- [Dataset]
____________________

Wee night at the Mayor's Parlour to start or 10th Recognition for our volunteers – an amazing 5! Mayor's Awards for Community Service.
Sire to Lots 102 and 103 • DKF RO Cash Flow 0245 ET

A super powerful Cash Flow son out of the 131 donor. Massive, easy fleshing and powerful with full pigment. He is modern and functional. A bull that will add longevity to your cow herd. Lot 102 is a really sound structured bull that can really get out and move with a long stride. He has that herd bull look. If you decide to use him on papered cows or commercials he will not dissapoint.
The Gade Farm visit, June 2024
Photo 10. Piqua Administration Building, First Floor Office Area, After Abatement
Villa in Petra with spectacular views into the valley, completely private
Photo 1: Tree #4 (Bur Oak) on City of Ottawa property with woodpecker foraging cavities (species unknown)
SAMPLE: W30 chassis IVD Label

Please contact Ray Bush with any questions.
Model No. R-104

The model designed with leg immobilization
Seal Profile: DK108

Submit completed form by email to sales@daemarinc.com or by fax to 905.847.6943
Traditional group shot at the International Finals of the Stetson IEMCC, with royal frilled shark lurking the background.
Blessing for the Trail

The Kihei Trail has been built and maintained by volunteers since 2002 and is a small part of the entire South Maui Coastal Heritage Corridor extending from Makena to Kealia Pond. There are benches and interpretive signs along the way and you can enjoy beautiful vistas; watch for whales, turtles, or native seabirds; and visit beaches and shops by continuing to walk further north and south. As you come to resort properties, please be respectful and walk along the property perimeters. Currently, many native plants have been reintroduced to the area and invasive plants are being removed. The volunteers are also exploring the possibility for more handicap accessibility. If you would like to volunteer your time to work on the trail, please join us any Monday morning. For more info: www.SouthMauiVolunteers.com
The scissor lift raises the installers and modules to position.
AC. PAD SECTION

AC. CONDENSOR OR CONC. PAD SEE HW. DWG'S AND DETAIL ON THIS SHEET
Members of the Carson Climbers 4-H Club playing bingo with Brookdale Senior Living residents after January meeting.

____________________

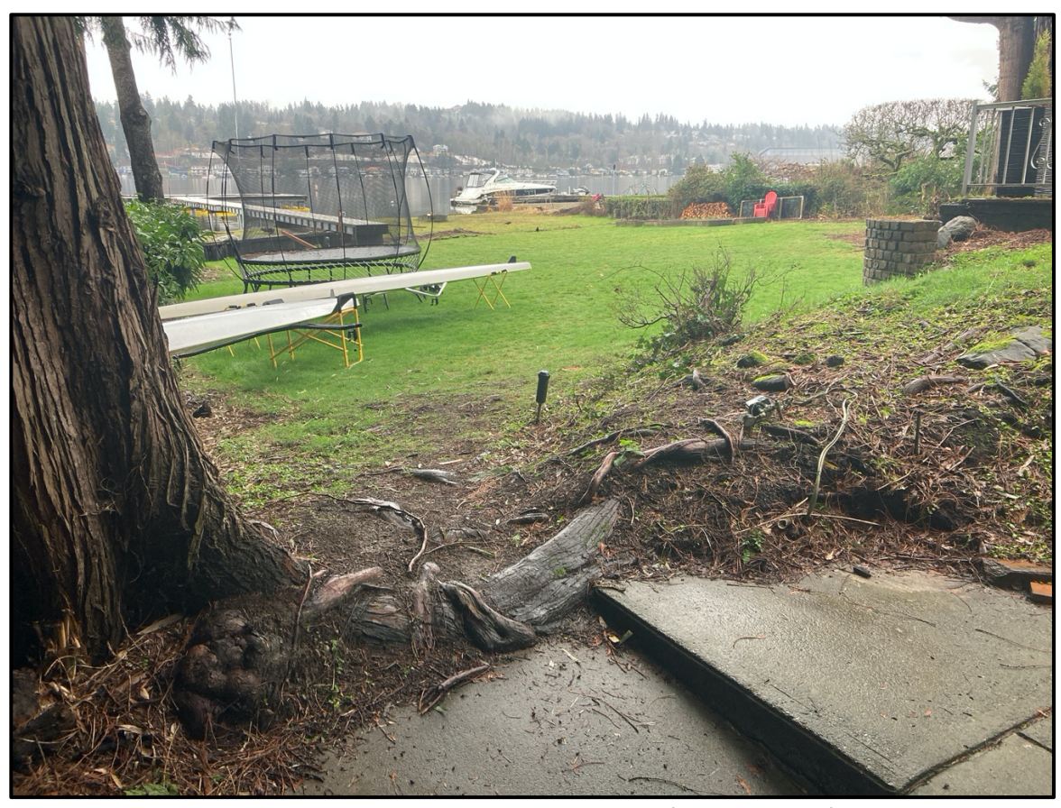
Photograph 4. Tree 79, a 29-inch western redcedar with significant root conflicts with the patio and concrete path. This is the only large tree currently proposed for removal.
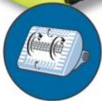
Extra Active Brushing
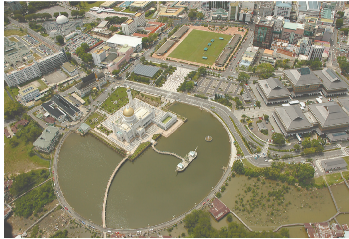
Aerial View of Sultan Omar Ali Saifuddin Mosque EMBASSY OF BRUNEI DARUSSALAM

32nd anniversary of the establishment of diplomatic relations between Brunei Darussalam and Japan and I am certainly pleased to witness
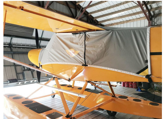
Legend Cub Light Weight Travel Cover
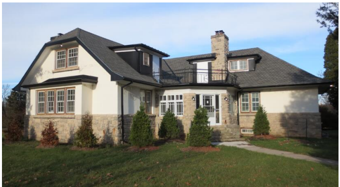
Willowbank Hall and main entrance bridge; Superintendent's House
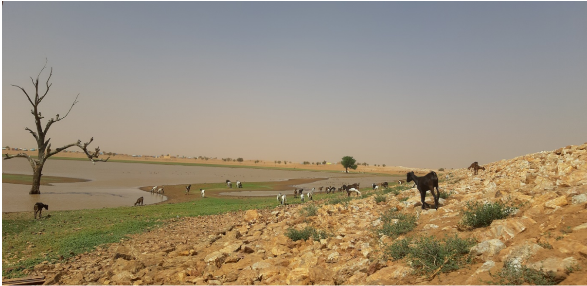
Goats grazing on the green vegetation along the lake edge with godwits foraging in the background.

____________________

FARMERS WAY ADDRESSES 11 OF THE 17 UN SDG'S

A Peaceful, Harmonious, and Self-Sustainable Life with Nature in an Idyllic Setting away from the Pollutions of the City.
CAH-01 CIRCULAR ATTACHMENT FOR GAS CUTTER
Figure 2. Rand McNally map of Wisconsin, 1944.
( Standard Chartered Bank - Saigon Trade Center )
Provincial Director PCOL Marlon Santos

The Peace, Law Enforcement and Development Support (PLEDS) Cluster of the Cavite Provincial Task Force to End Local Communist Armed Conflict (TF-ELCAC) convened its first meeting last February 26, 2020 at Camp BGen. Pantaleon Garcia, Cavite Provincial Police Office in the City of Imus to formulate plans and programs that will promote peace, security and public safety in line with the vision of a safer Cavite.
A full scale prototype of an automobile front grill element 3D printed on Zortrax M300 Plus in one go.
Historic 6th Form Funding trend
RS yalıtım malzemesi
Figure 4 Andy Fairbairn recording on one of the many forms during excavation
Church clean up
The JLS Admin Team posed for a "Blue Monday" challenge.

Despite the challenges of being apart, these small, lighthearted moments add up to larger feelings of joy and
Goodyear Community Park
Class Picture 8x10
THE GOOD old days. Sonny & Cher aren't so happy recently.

____________________

- [Problem details] Wherever the line holding "Provincial Director PCOL Marlon Santos" falls in the entries above, copy exactly from it through the line holding "The JLS Admin", inclusive, and add nothing.

- [Expected answer]
Provincial Director PCOL Marlon Santos

The Peace, Law Enforcement and Development Support (PLEDS) Cluster of the Cavite Provincial Task Force to End Local Communist Armed Conflict (TF-ELCAC) convened its first meeting last February 26, 2020 at Camp BGen. Pantaleon Garcia, Cavite Provincial Police Office in the City of Imus to formulate plans and programs that will promote peace, security and public safety in line with the vision of a safer Cavite.
A full scale prototype of an automobile front grill element 3D printed on Zortrax M300 Plus in one go.
Historic 6th Form Funding trend
RS yalıtım malzemesi
Figure 4 Andy Fairbairn recording on one of the many forms during excavation
Church clean up
The JLS Admin Team posed for a "Blue Monday" challenge.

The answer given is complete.